No concrete plans for new hospital

Minister Lee: “Investing in existing facility makes no sense”

St. Maarten News: – It does not make sense to invest further in the St. Maarten Medical Center’s current facility, Minister Emil Lee (Public Health, Social Development and Labor) said yesterday morning during the continuation of a parliament meeting about a national ordinance that contains regulations related to public health.

The minister showed that the losses at the hospital are steadily increasing. Expanding the hospital without addressing its business model would result in more transactions and more losses. Between 2012 and 2015, the accumulated losses amount to 27.2 million guilders. In 2015, the losses were five times as high as they were in 2012.

“The current tariff structure is outdated. The costs for treatment are higher than the income the hospital received for it. Without addressing that issue even a new hospital does not make sense.”

The ministry wants to bring about in the short term a temporary increase of the tariffs. For the long term, the minister wants to review the tariff structure, keeping in mind the viability of social insurance agency SZV, while making sure that these costs are not passed on to patients.

Minister Lee said that there are no concrete architectural drawings for a new hospital at this moment, there are only ideas. One of those ideas is to build a new wing first, while keeping the existing facility operational, and to add a wing for medical tourism later.

There are several issues with these ideas, the minister said. First of all, the medical tourism wing would require an investment of $30 to $35 million, but currently the hospital does not have a private sector medical tourism partner. “This would mean that the SZV and the government would finance the medical tourism section of the hospital. That does not make sense.”

The next question is obviously whether medical tourism as such makes sense for St. Maarten. Let’s says that 80 percent of necessary medical services can be provide in a financially viable manner, that there is 10 percent we could never afford in a small community and that another 10 percent are serviced we would like to have but we do not have the population size to support it, Lee said, emphasizing that these numbers are just a basis for further discussion.

“Then we would have to bring in those remaining services. There could be conflicts with a private sector medical tourism partner, because their objective is first and foremost financial. Whatever we do has to be in the best interest of the country.”

Minister Lee told parliament that SZV had sent a letter to the ministry on October 19 about a proposal for a new hospital. The cabinet of the ministry of public health issued an advice three days later and the same day the proposal went to the Council of Ministers. On October 28 the ministry – at that time the responsibility of Rafael Boasman – sent a letter back to SZV.
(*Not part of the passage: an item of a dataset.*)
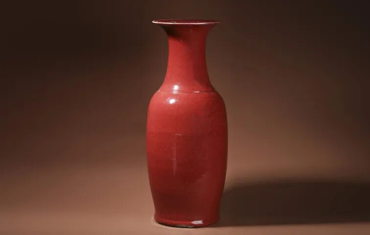 此件清晚·霁红釉玉壶春瓶,撇口,束颈,圆鼓腹,圈足,器型优雅别致,施窑变红釉,外壁釉色较为匀净,口内可见一周灯草白,釉质呈丝缕流动之感,细密冰纹绵亘瓶身,耐人寻味,极为美观。
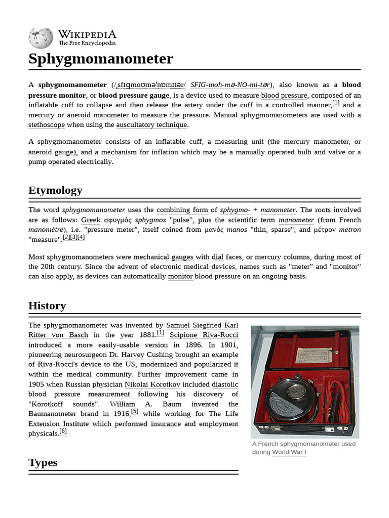 2. Harper D. "sphygmomanometer" (https://www.etymonline.com/?term=sphygmomanometer).

Lee took office on November 19. “On December 15 I sent a letter to SZV instructing them not to make any binding decisions. For clarity’s sake: I have no issues with the Austrian company Vamed. The issue I have is that the letter from the ministry gave SZV broad authority without an open bidding process. It is clear that the current hospital facility is lacking and continued investments in the facility are not in the best interest of the country. A $105 million plan for a new hospital isn’t either. Where do we find the sweet spot? Somewhere in between those two positions.”

Adjusting the tariff structure will stop the financial bleeding at the hospital. SZV is looking at ways to improve efficiency and to enforce payments where they are due.
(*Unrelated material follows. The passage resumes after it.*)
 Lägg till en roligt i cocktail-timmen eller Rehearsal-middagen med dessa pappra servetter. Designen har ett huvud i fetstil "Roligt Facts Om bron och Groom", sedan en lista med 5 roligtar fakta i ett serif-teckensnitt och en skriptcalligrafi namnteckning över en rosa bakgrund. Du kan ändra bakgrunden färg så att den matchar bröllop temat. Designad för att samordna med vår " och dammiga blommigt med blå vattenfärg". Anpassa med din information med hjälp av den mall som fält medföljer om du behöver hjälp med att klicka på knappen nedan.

Minister Lee said that there is a lack of quality data and that this hampers the decision making process. “We are in the process of collecting better to make sure that the design of a new hospital is in the best interest of the country.”

The aim is to reduce referrals for medical treatment abroad – that currently eats up around 30 million guilders a year – by increasing the services at the hospital.

“The hospital’s cash flow is difficult,” the minister said. “Sometimes they are slow in paying providers; they have to choose which bills to pay. The hospital therefore is not in a strong position to negotiate about prices. Sometimes you need money to save money. As the brand improves, revenue will increase as well.”

Minister Lee said that there are no terms of reference yet for a turnkey developer. “We are working on them and then we will go to an open tender process,” he said.

The ministry furthermore puts a strong emphasis on prevention and on maximizing the use of its resources. One survey among 191 employees of three local entities showed that 30.9 percent had elevated levels of cholesterol versus 12.9 percent in the USA and 23.2 percent in the Netherlands. An alarming 51.1 percent was qualified as obese –far outpaces the average for even the United States (35.1) and the Netherlands (11.8). “This gives us an indication about the health issues of our population,” the minister said.

The ministry owns a public health bus that was once bought for 720,000 guilders, and a dental Youth Bus with a price tag of 360,000 guilders. “The Public Health Bus went out once per month for one day, and the Dental Youth Bus we found in the bushes, unused. We want to mobilize these assets and get the bus out at least twice a week. The government pays for the healthcare of its civil servants, so it should make use of this; there is a huge incentive to maintain the health of our civil servants.”

For the long term, Minister Lee envisions restructuring the tariffs for SZV-insured treatment, reviewing the SZV-premiums and an assessment of the population’s needs for medical services. Lastly, he intends to rebrand the St. Maarten Medical Center and designate it as the country’s national hospital.